Salt Potatoes

Salt Potatoes

Summary

Yield
Prep Time45 minutes
CategoryPotatoes
CuisineAmerican

Description

So, what’s the difference between a mere boiled potato and a salt potato? A boiled potato is dropped into plain or lightly salted water, boiled until tender and served, usually, with butter and chopped herbs. Salt potatoes, on the other hand, use a formula to determine how salty the water should be. Generally speaking, bring to a boil three quarts of water, stir in three-quarters of a pound of good old-fashioned table salt, then carefully lower in four and a quarter pounds of Size B new white boiling potatoes. When they’re tender,  drain in a colander and let air dry a bit to form that signature white dusting of salt. Top with butter and serve hot, warm, cold or anywhere in between. Then die of happiness when you take your first bite.

Ingredients

  • 3 qt water
  • 1 1/2 cup kosher salt
  • 4 1/2 lb 2 bite new potatoes washed
  • 1 stick butter cut into 8 pieces

Instructions

Bring water to a boil in a large stockpot or soup pot over high heat.

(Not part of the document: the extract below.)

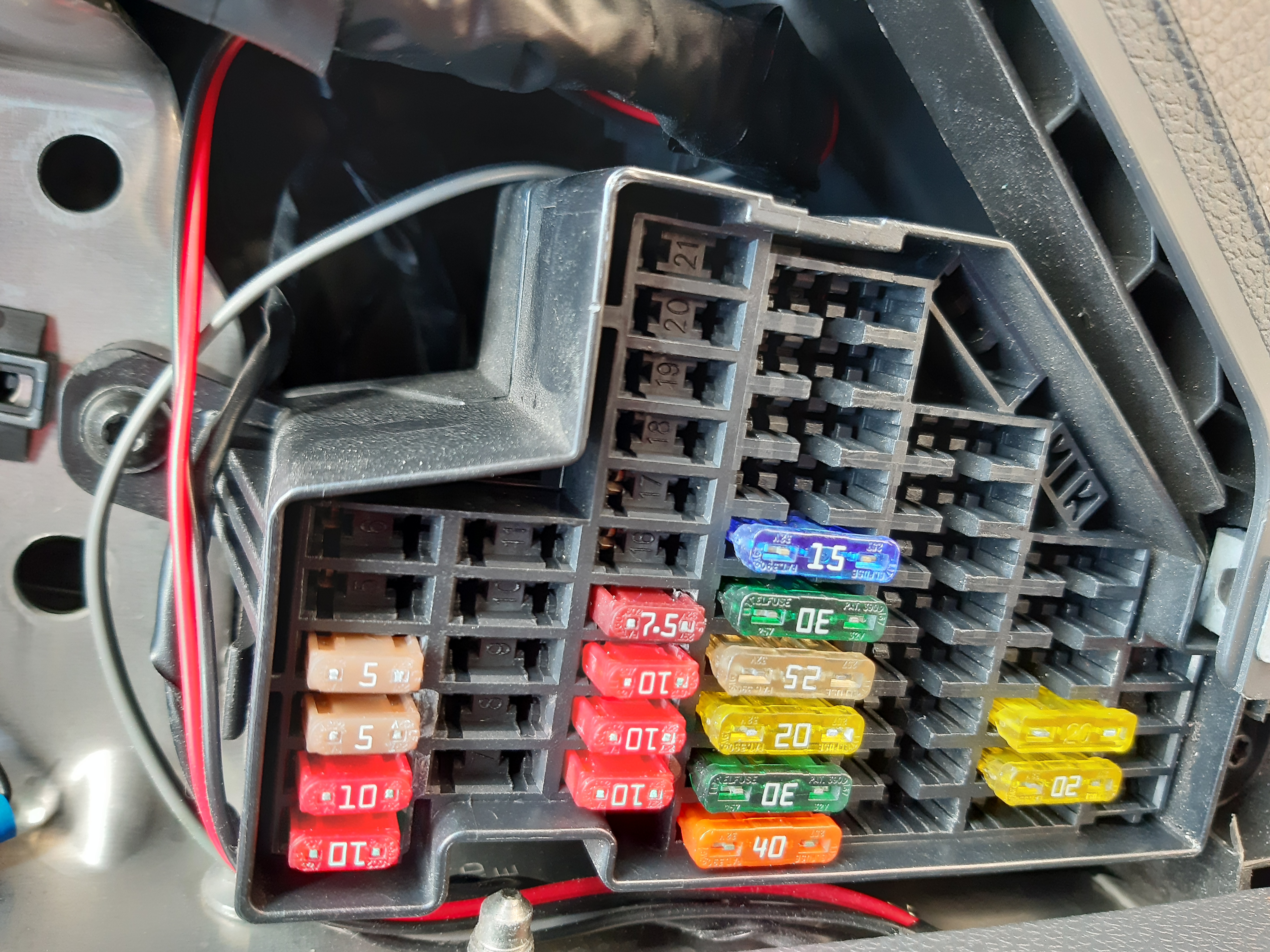 Здравейте! Може ли да ме насочите/покажете от къде да хвана постоянен плюс от кутията с предпазители в купето?Как да открия кой кабел е захранващия?Чувал съм за захранване от запалката на колата но , мисля че , от кутията е по-добре!Изпращам Ви снимка на кутията ми с предпазителите!
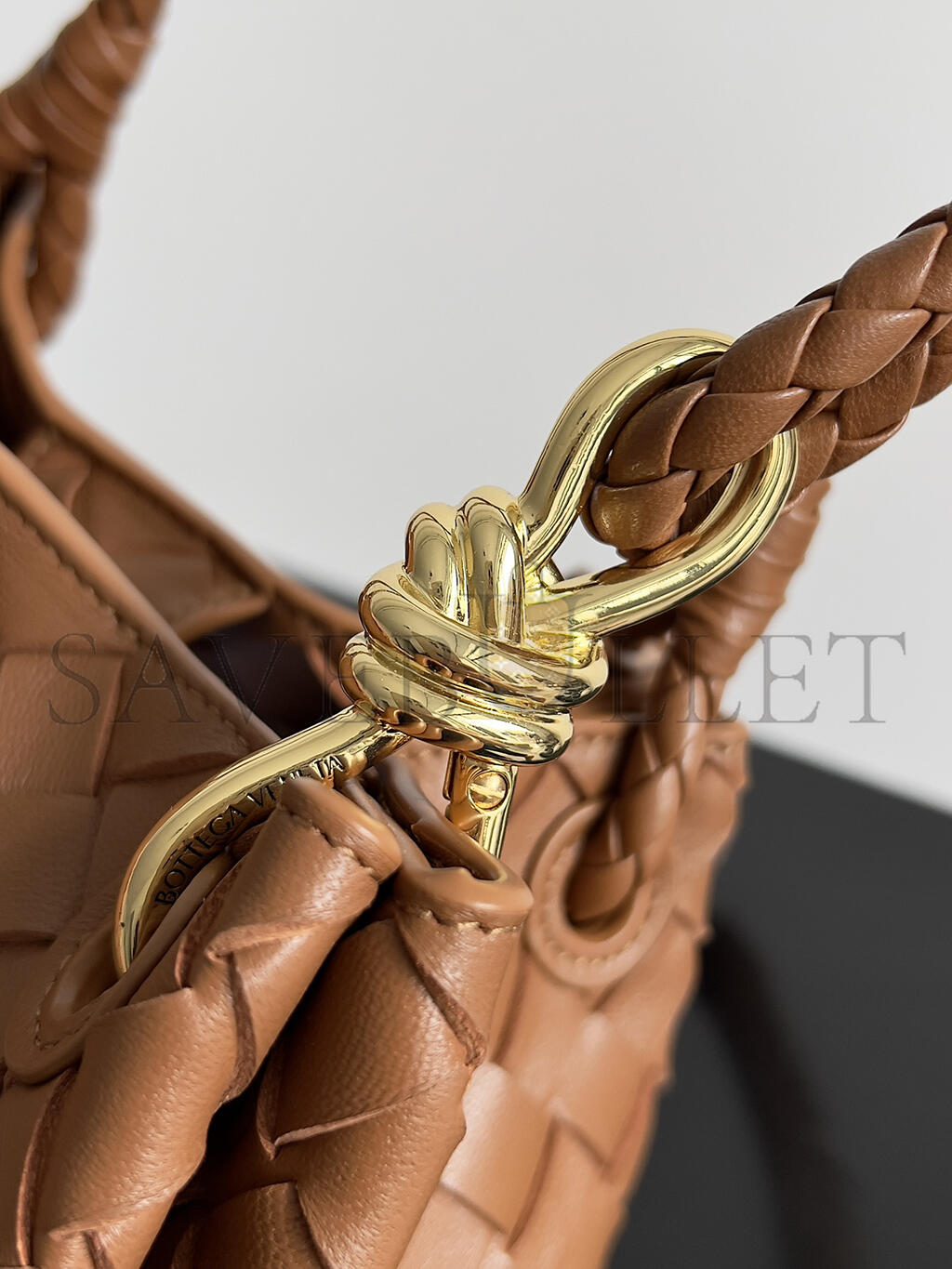 Shoulder bag in supple Intrecciato leather with signature knot detail and detachable cross-body strap.

When water reaches the boil, stir in all of the salt.

Lower the potatoes into the water, one or two at a time, taking care not to splash yourself.

Return the water to a boil, lower heat to medium and simmer until the potatoes are tender, between 15 and 25 minutes,

Depending on the size of the potatoes. (**See notes for methods on testing the potatoes for doneness.)

Pour the water and potatoes into a colander in the sink and leave to air dry for 5-10 minutes.

Transfer the potatoes to a serving dish and dot with the pieces of butter.

Serve as is or garnish with chopped parsley.


To Store Leftovers:
Pour potatoes and butter from the bowl into a container with a tight fitting lid or a zipper top bag.

Notes

*Salt potato kits, sold all over Upstate New York, use a very specific size of potatoes; Size B, Grade US no. 2. While most grocery stores don’t define their potatoes using this method, you can’t go wrong buying small creamer potatoes that are one-or-two-biters. The shape of the potato doesn’t matter at all.

**To test your potatoes, use tongs to lift a large potato from the boiling water. A skewer plunged into the potato should pass through the potato completely if it is done.